== DATASET EXTRACT ==
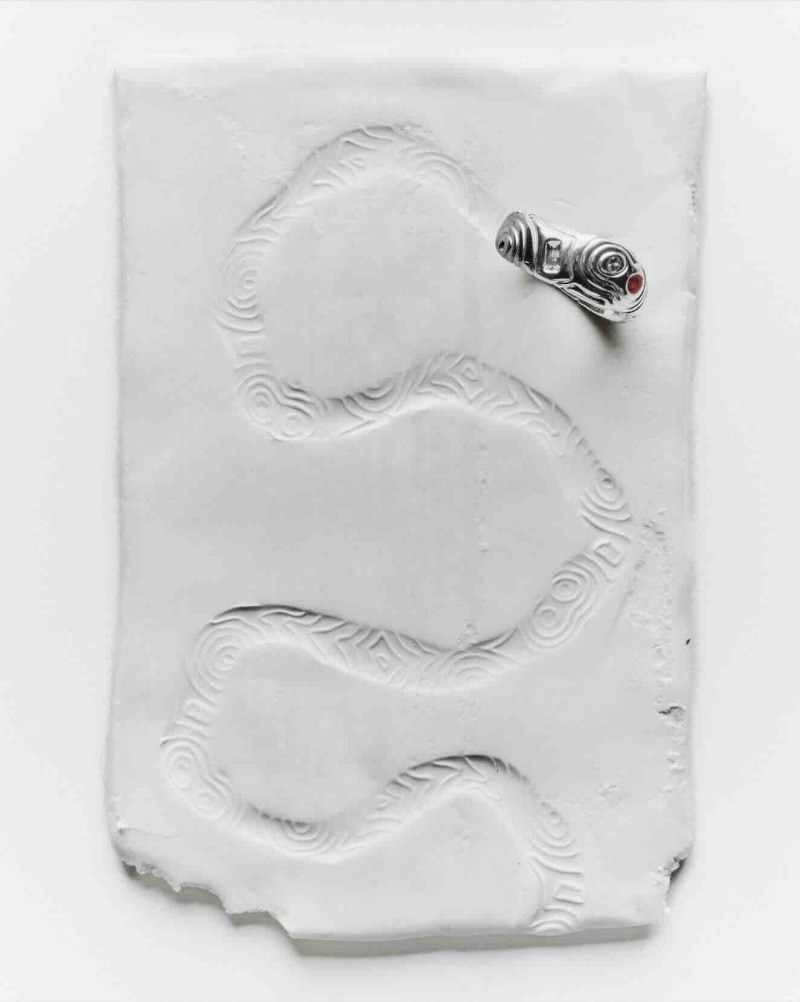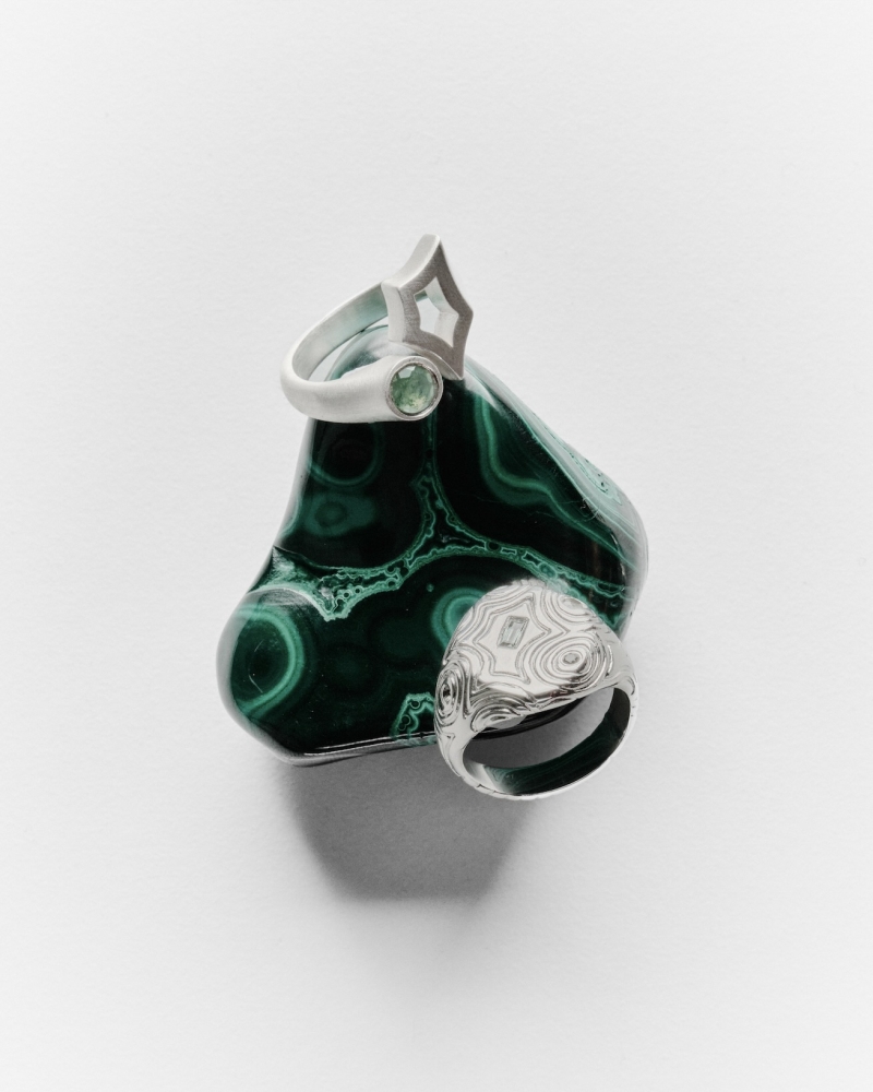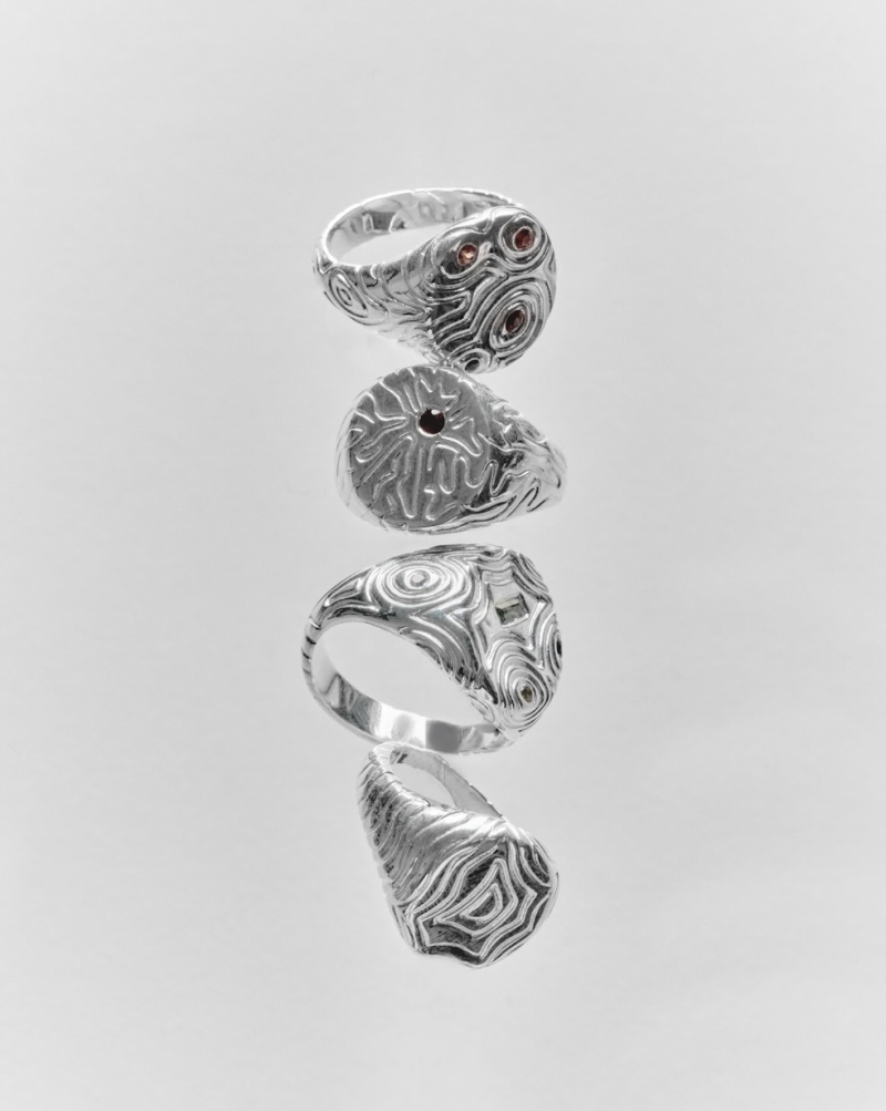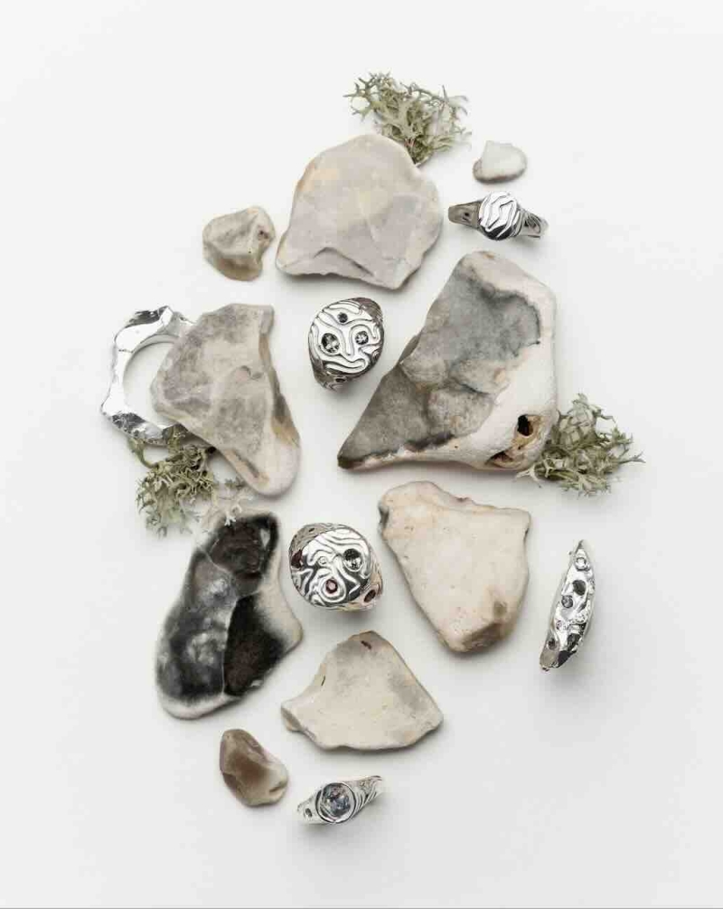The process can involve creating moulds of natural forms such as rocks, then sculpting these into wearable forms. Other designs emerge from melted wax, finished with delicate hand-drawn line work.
===
== DATASET EXTRACT ==
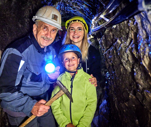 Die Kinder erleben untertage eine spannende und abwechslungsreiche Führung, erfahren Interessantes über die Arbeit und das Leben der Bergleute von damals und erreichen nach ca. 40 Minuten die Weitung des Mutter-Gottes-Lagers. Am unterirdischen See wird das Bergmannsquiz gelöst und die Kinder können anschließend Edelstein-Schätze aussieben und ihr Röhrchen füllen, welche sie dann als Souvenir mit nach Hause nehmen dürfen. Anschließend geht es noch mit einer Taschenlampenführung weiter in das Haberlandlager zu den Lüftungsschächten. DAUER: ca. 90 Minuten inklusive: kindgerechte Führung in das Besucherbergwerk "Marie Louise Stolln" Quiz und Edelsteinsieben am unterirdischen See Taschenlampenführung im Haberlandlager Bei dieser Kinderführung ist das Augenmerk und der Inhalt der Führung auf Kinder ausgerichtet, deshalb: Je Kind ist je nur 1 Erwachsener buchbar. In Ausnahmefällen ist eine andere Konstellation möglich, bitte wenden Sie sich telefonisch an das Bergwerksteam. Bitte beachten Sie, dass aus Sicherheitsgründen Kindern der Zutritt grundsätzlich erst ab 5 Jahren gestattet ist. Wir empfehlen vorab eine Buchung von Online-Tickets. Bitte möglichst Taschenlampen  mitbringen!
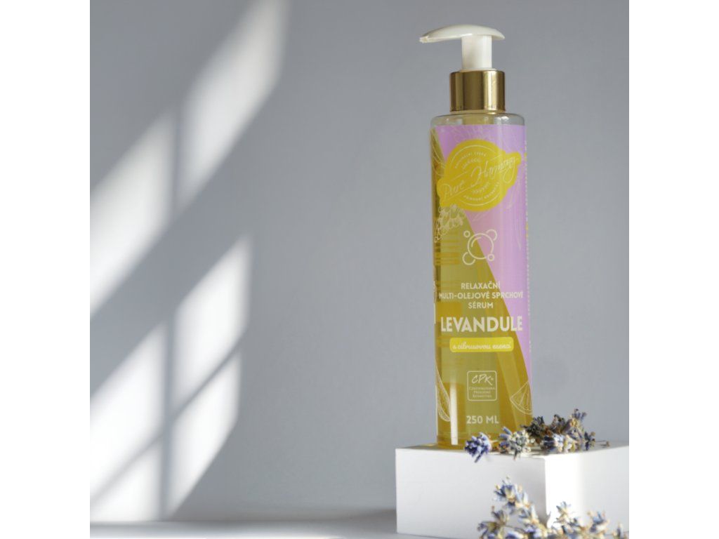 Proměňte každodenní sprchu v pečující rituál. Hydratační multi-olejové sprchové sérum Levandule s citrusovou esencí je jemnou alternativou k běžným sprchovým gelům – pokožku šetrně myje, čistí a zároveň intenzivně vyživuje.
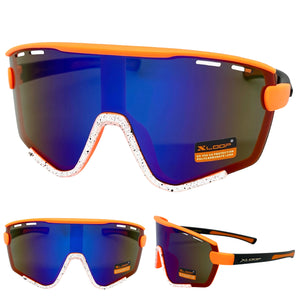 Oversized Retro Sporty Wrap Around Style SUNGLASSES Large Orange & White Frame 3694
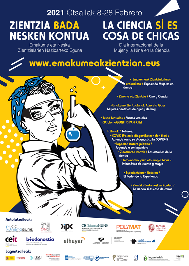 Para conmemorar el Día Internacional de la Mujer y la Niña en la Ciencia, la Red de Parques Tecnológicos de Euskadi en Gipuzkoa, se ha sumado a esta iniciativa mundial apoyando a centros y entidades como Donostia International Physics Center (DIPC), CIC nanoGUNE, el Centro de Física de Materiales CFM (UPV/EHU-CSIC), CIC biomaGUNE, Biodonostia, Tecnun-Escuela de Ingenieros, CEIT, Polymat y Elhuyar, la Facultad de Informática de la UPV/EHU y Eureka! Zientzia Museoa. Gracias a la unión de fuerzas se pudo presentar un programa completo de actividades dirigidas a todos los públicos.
===
**YOUR TASK**: Reproduce the listing above exactly from the line containing "Proměňte každodenní sprchu" up to and including the line containing "Para conmemorar el", omitting any images and everything outside those lines.

**EXERCISE RESPONSE**:
 Proměňte každodenní sprchu v pečující rituál. Hydratační multi-olejové sprchové sérum Levandule s citrusovou esencí je jemnou alternativou k běžným sprchovým gelům – pokožku šetrně myje, čistí a zároveň intenzivně vyživuje.
 Oversized Retro Sporty Wrap Around Style SUNGLASSES Large Orange & White Frame 3694
 Para conmemorar el Día Internacional de la Mujer y la Niña en la Ciencia, la Red de Parques Tecnológicos de Euskadi en Gipuzkoa, se ha sumado a esta iniciativa mundial apoyando a centros y entidades como Donostia International Physics Center (DIPC), CIC nanoGUNE, el Centro de Física de Materiales CFM (UPV/EHU-CSIC), CIC biomaGUNE, Biodonostia, Tecnun-Escuela de Ingenieros, CEIT, Polymat y Elhuyar, la Facultad de Informática de la UPV/EHU y Eureka! Zientzia Museoa. Gracias a la unión de fuerzas se pudo presentar un programa completo de actividades dirigidas a todos los públicos.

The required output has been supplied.